Problem:


There are several cases where a framework would need to update its FrameworkInfo.

For example, to set new fields as new fields are added to the FrameworkInfo (e.g., ‘principal’).

Or, to update its configuration, e.g., change the ‘user’ (MESOS-703) or ‘failover_timeout’ (MESOS-1218). In fact, most frameworks today update their FrameworkInfo on failover because they set (or the driver sets it for them) ‘hostname’ to the current instance’s host.


Currently, there is no easy way for a framework to update its FrameworkInfo, ie., while keeping its FrameworkID.  The only way an updated FrameworkInfo is correctly reflected in the Mesos cluster is when the 1) leading master is restarted and 2) slaves are drained and restarted.


This is currently what happens when a framework re-registers with an updated FrameworkInfo. The leading master and all the slaves ignore the FrameworkInfo until the leading master restarts. After a master failover, the new leader accepts the updated FrameworkInfo but doesn’t inform the slaves (that are currently running the framework’s tasks) about it. So any new task/executor launches on such slaves will ignore the updated FrameworkInfo (e.g, framework checkpointing). A slave will only get the updated FrameworkInfo when the framework’s task is launched on the slave and the slave doesn’t know about the framework i.e., there are no active tasks/executors belonging to the framework on the slave. Clearly this is un-intuitive and error prone.


Goal:

Allow the frameworks to update their FrameworkInfo without having to restart masters or slaves or tasks/executors. In other words, the updated FrameworkInfo should be properly reconciled across the cluster in a seamless fashion.


Non Goal:

Persisting and updating the FrameworkInfo in a distributed storage (replicated log) is out of scope. This is tracked in MESOS-1719.


FrameworkInfo:

The following table lists the different fields of FrameworkInfo and the different components in the Mesos stack that are impacted by them.


Legend:

* : Optional field

Yes : Component impacted by the FrameworkInfo field

No: Component not impacted by the FrameworkInfo field

N/A: Not Applicable (because update is not allowed)

Green : Easy to update

Orange :  More involved to update

Red: Complex to update

 

 

 

master/master

master/allocator

master/http

slave/slave

slave/http

user

Yes

No

Yes

Yes

Yes

name

No

No

Yes

No

Yes

id*

N/A

N/A

N/A

N/A

N/A

failover_timeout*

Yes

No

Yes

No

Yes

checkpoint*

Yes

No

Yes

Yes

Yes

role*

Yes

Yes

Yes

No

Yes

hostname*

No

No

Yes

No

Yes

principal*

Yes

No

Yes

No

Yes

capabilities*YesYesYesNoYes

 

 

Updating the components :


Framework:

This is straightforward for frameworks. The framework will create a new MesosSchedulerDriver with the updated FrameworkInfo (likely after a framework process restart). Under the covers the driver will re-register with the Master with the updated FrameworkInfo.  

Master:

The Master will get the updated FrameworkInfo via the ReregisterFramework message. If the FrameworkInfo has changed, master will update its own internal data structures.

Allocator:

Master will update the Allocator by calling Allocator::frameworkUpdated() API call. This is a new API call that needs to be added to the Allocator.

Slave:

Master will also update the slaves (that have active tasks of the framework) via UpdateFrameworkMessage. UpdateFrameworkMessage already exists and sent on framework re-registration, but we need to add a new field ‘FrameworkInfo’ to it.
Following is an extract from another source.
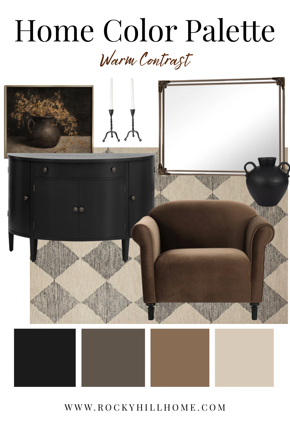 A brown tonal palette creates warmth and depth in the living room. See how espresso, camel, and taupe work together for a moody yet timeless look with this living room mood board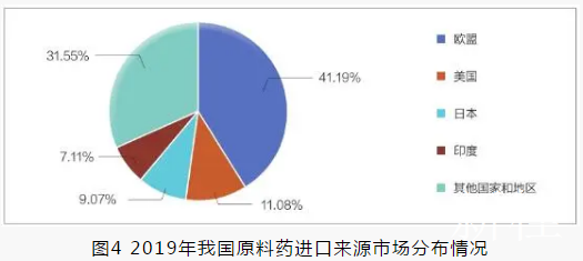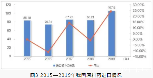 我國既是原料藥生產(chǎn)和出口大國,又是需求和進口大國。近年來,我國原料藥進口規(guī)模呈現(xiàn)逐年擴大的趨勢,2019年原料藥進口額再創(chuàng)歷史新高,達到107.5億美元,同比增長24.7%(見圖3)。從需求的角度來看,進口大增原因有四:一是仿制藥質(zhì)量和療效一致性評價的深入推進,加大了國內(nèi)對境外高品質(zhì)原料藥的需求;二是國內(nèi)環(huán)保安全要求持續(xù)提升,部分原料藥企業(yè)因環(huán)保問題停產(chǎn)或搬遷而導(dǎo)致供應(yīng)短缺;三是國內(nèi)有些不法企業(yè)進行原料藥品種壟斷控銷,導(dǎo)致一些品種價格大幅提升,有些制劑企業(yè)從而選擇使用境外原料藥;四是跨國企業(yè)為拓展中國市場,加大了從境外采購原料藥的力度。

message UpdateFrameworkMessage {

   required FrameworkID framework_id = 1;

   required string pid = 2;

   optional FrameworkInfo framework_info = 3;   ← this is new

}

Slave will update its internal data structures on the receipt of UpdateFrameworkMessage.

Update semantics:

In the spirit of iterative development the update strategy has been broken down into several phases. All the phases could/should probably go in the same release.


Phase #1 (HTTP only fields):

Allow updates of the fields that only impact the HTTP endpoints of master and/or slave, i.e., ‘name’ and ‘hostname’. Note that FrameworkInfo will still be updated on both masters and slaves.

This should be pretty straightforward. On framework re-registration, Master updates its internal data structures, updates the allocator and the slaves. Slave updates its ‘frameworks’ map, and checkpoints it (if framework checkpointing is enabled),  but doesn’t change the ‘Framework.executors’ map.

Phase #2 (Master only fields):

Also allow updates to fields that only impact the master (but not the allocator), i.e., ‘failover_timeout’ and ‘principal’.

FrameworkInfo.failover_timeout:

This should be straightforward since it is only used in Master::exited(). After framework re-registers, future disconnections of framework will honor the new failover_timeout.

FrameworkInfo.principal:

This is a bit involved because ‘principal’ is used for authentication and rate limiting.

The authentication part is straightforward because a framework with updated ‘principal’ should authenticate with the new ‘principal’ before being allowed to re-register. The ‘authenticated’ map already gets updated when the framework disconnects and reconnects, so it is fine.

For rate limiting, Master:failoverFramework() needs to be changed to update the principal in ‘frameworks.principals’ map and also remove the metrics for the old principal if there are no other frameworks with this principal (similar to what we do in Master::removeFramework()).

The Master::visit() and Master::_visit() should work with the current semantics.

Phase #3 (Master + Slave fields, but not the Allocator):

Also allow updates to fields that impact the slave, i.e., ‘user’ and ‘checkpoint’.

The update semantics for tasks/executors are as follows:

 

 

Old Task

New Task

Old Executor

Honors old FrameworkInfo

Honors old FrameworkInfo*

New Executor

N/A

Honors new FrameworkInfo

 

In a nutshell, the new FrameworkInfo is only applicable to new executors.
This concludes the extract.